I am currently in the process of building an Ubuntu Docker Container trying to allow for users to execute bash functions from outside a running container. This would look like something like the following:
atlas_cli.sh
#!/bin/bash
# Shell Scripts to execute commands against various Atlas CLI Commands
test_func()
{
echo "This is working"
}
Outside of the container they could then the following to have the bash function executed inside the container.
atlas_build git:(wh/atlas_image) ✗ docker exec atlas_build-atlas-1 test_func
This is working
What I am finding right now is that while I am able to add the atlas_cli.sh
file to bashrc
and have the commands be executable inside the container in an interactive terminal I cannot sort how to be able to have these functions be executable from outside the container.
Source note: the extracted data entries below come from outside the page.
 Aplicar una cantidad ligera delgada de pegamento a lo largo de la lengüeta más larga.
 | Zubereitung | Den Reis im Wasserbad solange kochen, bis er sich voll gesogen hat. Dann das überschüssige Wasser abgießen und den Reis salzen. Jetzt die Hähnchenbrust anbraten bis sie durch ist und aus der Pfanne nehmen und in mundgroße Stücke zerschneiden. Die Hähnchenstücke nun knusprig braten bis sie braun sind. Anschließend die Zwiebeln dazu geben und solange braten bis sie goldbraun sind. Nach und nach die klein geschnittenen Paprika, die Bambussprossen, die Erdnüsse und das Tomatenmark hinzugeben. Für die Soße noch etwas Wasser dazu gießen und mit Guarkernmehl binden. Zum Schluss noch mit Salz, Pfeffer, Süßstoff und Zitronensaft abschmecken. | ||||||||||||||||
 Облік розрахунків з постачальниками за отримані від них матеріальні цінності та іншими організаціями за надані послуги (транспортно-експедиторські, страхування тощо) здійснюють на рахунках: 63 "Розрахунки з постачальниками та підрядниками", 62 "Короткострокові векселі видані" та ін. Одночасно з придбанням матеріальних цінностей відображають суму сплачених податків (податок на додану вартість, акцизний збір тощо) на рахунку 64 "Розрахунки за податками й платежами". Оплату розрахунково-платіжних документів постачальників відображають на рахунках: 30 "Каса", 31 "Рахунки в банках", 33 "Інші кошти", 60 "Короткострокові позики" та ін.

Dockerfile about the Atlas Image I am building.
FROM ubuntu:latest
RUN mkdir /atlas \
&& apt-get update \
&& apt-get install -y curl \
&& curl -sSf https://atlasgo.sh | sh
WORKDIR /atlas
COPY atlas.hcl .
COPY atlas_cli.sh .
RUN cat atlas_cli.sh >> /root/.bashrc
ENTRYPOINT ["tail", "-f", "/dev/null"]
Ideally I would be be able to allow for users at my company to either be able to execute commands from within the container, or outside the container. I've been able to sort the former by running the following within my Dockerfile:
You can't do this as you've described.
The normal operation of docker exec
is to take the administrator-provided command and directly run it as a process. It does not normally run a shell, unless you explicitly ask it to. Furthermore, it does not go through paths like a Dockerfile ENTRYPOINT
that could potentially rewrite the command.
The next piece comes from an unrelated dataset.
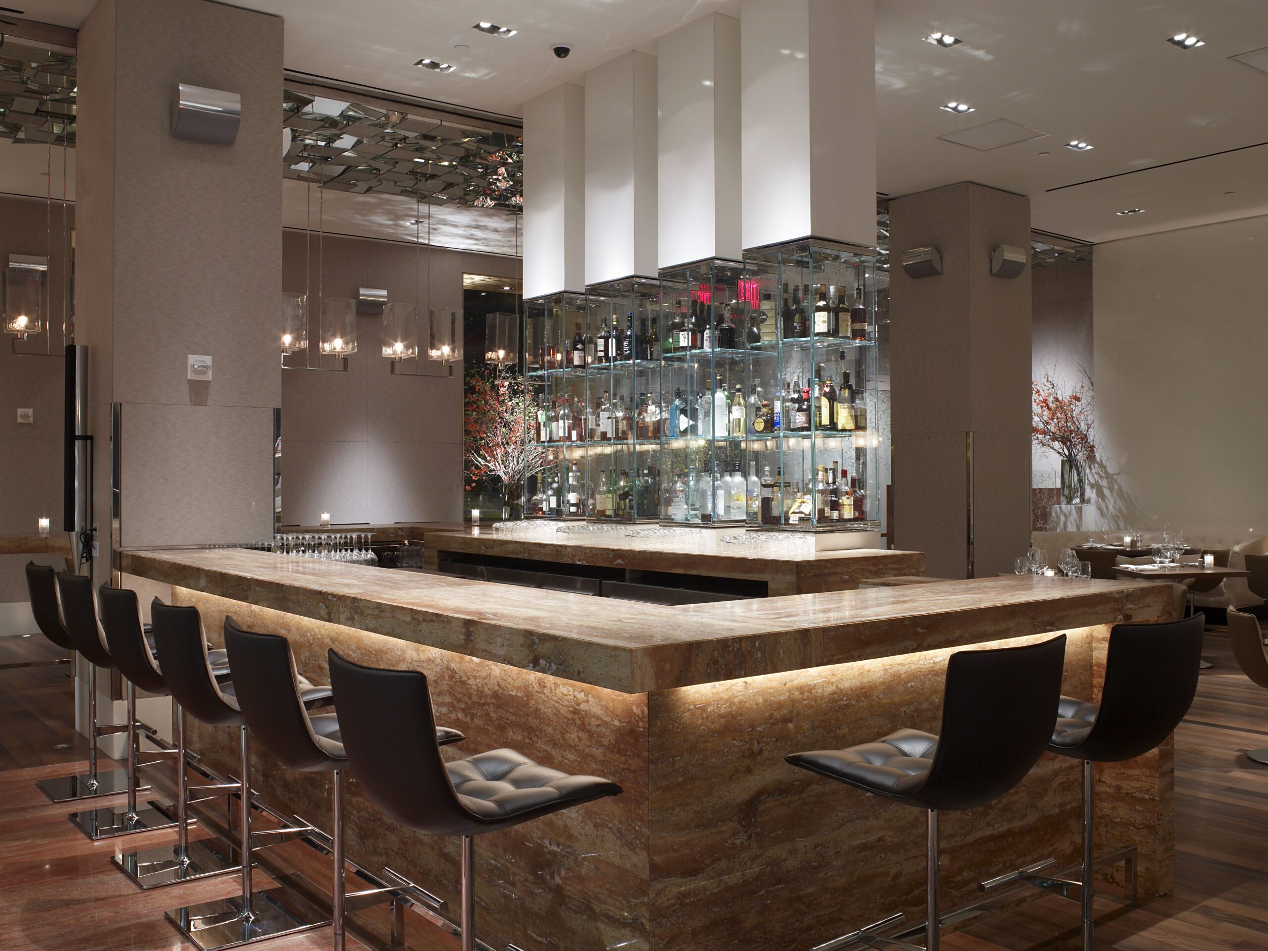 As part of the extensive renovation and repositioning of the JW Marriott Essex House (formerly the Jumeirah Essex House), Stonehill Taylor collaborated with restaurant designer Tonychi Studios on the Southgate Restaurant & Bar. The restaurant was completely reconfigured to house two separate but connected spaces: a main dining area and a patisserie. Following the length of the main dining room, an astounding glass wine creates an impactful look. Stonehill Taylor also created a separate and distinct entrance for the restaurant from Central Park South.

So for this to work, when an administrator runs docker exec
, they'd have to explicitly specify that they want to run a shell, and that they need it to read shell dotfiles, sort of like
docker exec the-container \
bash -l -c 'test_func'
A comment suggests changing these from shell functions to standalone scripts. For example, if you have
#!/bin/sh
echo "This is working"
and in your Dockerfile
you COPY
that script to a location that's normally in $PATH
COPY test_script /usr/local/bin
then you could directly run it via normal means, without specifically needing a shell
docker run --rm your-image test_script
docker exec existing-container test_script
(I'd prefer docker run --rm
over docker exec
here; in particular, the ENTRYPOINT tail
creates a container that's not doing anything, and there's no reason to keep it around, and the specific ENTRYPOINT
construct makes it tricky to do anything else. Also remember that anyone who can run any docker
command can very easily take over the entire system; I might prefer some sort of HTTP or message-oriented API if that's an option.)